AMD/ROCm support for qwen3-8b-m2po-full + H100 cross-platform verification by ChangyiYang · Pull Request #19 · Infini-AI-Lab/astraflow

ChangyiYang · 2026-06-17T22:39:52Z

Brings the examples/math/qwen3-8b-m2po-full recipe up on AMD MI300/MI325
(ROCm / gfx942) and verifies training dynamics match the known-good
NVIDIA H100 run.

Summary

ROCm Docker image (docker/Dockerfile.rocm + docker/rocm/*)
layered on the official SGLang ROCm image, with constraints to keep
pip from pulling CUDA wheels over the base image's torch/sglang.
Code adaptations for ROCm:
- astraflow/train_worker/platforms/__init__.py: detect ROCm via
  torch.version.hip and return CudaPlatform (ROCm exposes AMD GPUs
  through torch.cuda).
- astraflow/train_worker/utils/functional/vocab_parallel.py: fall
  back to eager for _gather_logprobs* on ROCm (inductor codegen of
  those reductions crashes on gfx942 / torch 2.9 with a masked
  InductorError). Override via ASTRAFLOW_FORCE_TORCH_COMPILE.
Triton-AMD flash-attn for the trainer
(FLASH_ATTENTION_TRITON_AMD_ENABLE=TRUE pip install flash-attn==2.8.3 --no-build-isolation). The recipe's default
attn_impl=flash_attention_2 works as-is — no sdpa override.
Launchers:
- examples/math/qwen3-8b-m2po-full/scripts/run_qwen3-8b-m2po-full_amd.sh
  (docker-run wrapper)
- examples/math/qwen3-8b-m2po-full/scripts/run_h100_smoke.slurm and
  run_h100_50step.slurm (NVIDIA reference)
- examples/_common/build_astraflow_rocm.sh for enroot/pyxis clusters.

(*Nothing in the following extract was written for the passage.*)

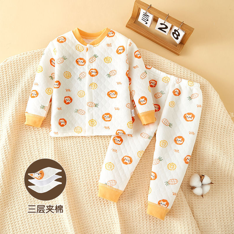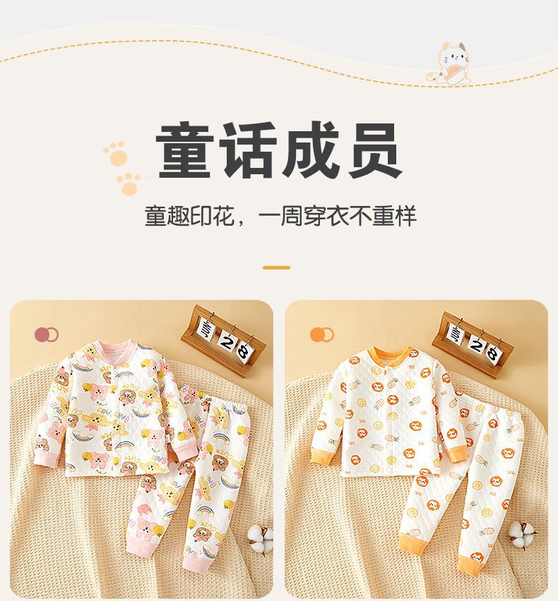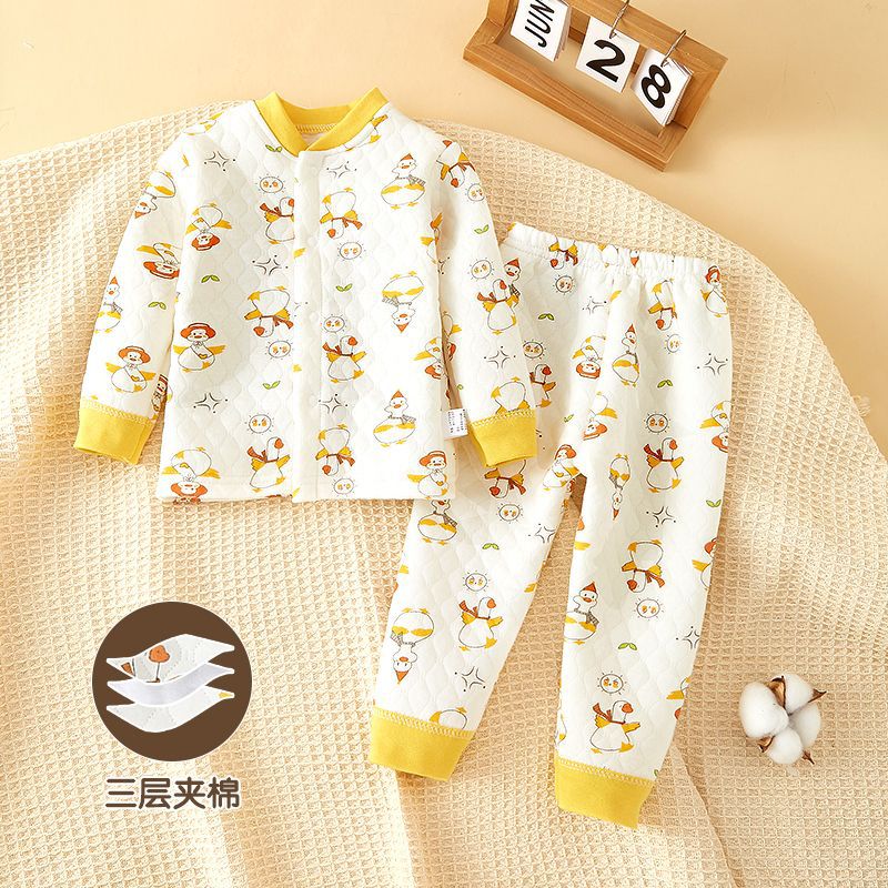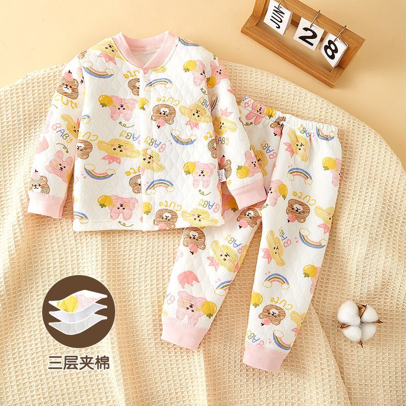 아기의 열 속옷 세트 코튼 아기의 순면 옷 분할 잠옷 신생아 양면 패딩 옷 가을과 겨울
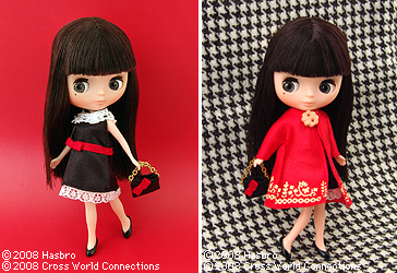 マトリョーシカをイメージしたアウトフィットには、プチブライスらしいポップな柄が配され楽しい雰囲気に仕上がっています。

Why the flash-attn detail matters

AstraFlow's FSDP engine packs multiple sequences into one microbatch and
passes per-sequence boundaries via cu_seq_lens_q/k with
attention_mask=None (fsdp_engine.py:1203). Only transformers'
flash_attention_2 path consumes those cu_seqlens to keep attention
inside each sub-sequence. Under sdpa (the obvious fallback when
flash-attn isn't installed), the kwargs are ignored and a single causal
mask spans the whole packed buffer → packed sub-sequences attend across
boundaries → trainer-recomputed logits are systematically wrong.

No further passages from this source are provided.